Action item — Without the pictures, set down everything in the listing exactly.

Supplied data —

────────────────

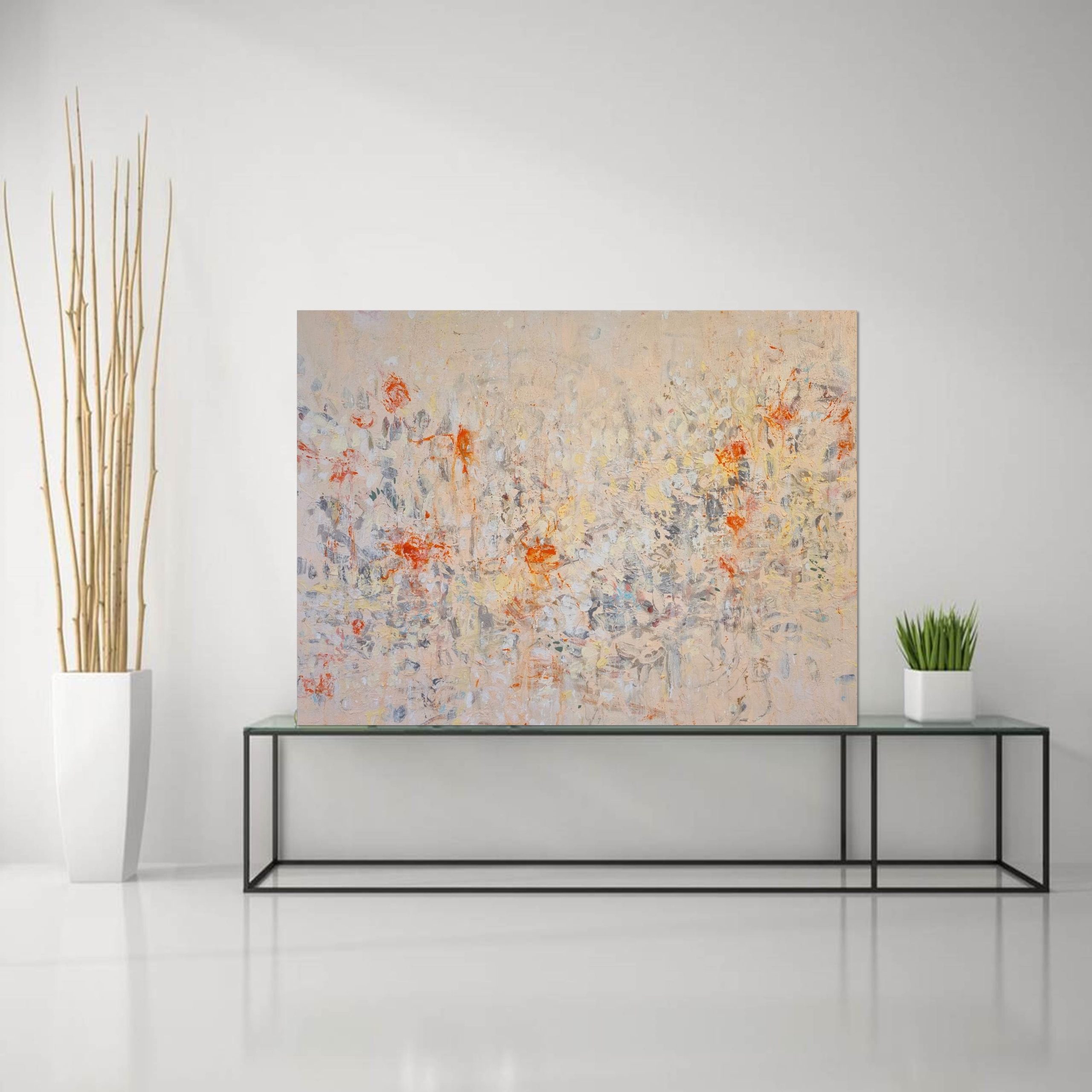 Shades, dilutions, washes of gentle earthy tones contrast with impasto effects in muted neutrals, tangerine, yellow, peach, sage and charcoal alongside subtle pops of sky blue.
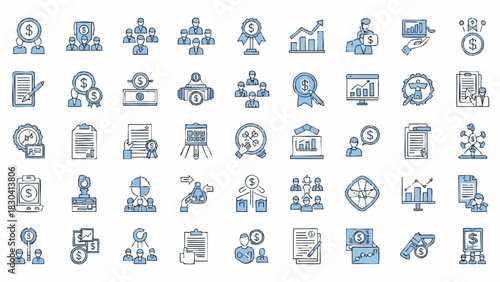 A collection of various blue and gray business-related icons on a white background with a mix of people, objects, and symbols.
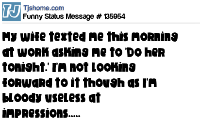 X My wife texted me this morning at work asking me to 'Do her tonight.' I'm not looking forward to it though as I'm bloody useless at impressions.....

────────────────

Answer for this exercise —
 Shades, dilutions, washes of gentle earthy tones contrast with impasto effects in muted neutrals, tangerine, yellow, peach, sage and charcoal alongside subtle pops of sky blue.
 A collection of various blue and gray business-related icons on a white background with a mix of people, objects, and symbols.
 X My wife texted me this morning at work asking me to 'Do her tonight.' I'm not looking forward to it though as I'm bloody useless at impressions.....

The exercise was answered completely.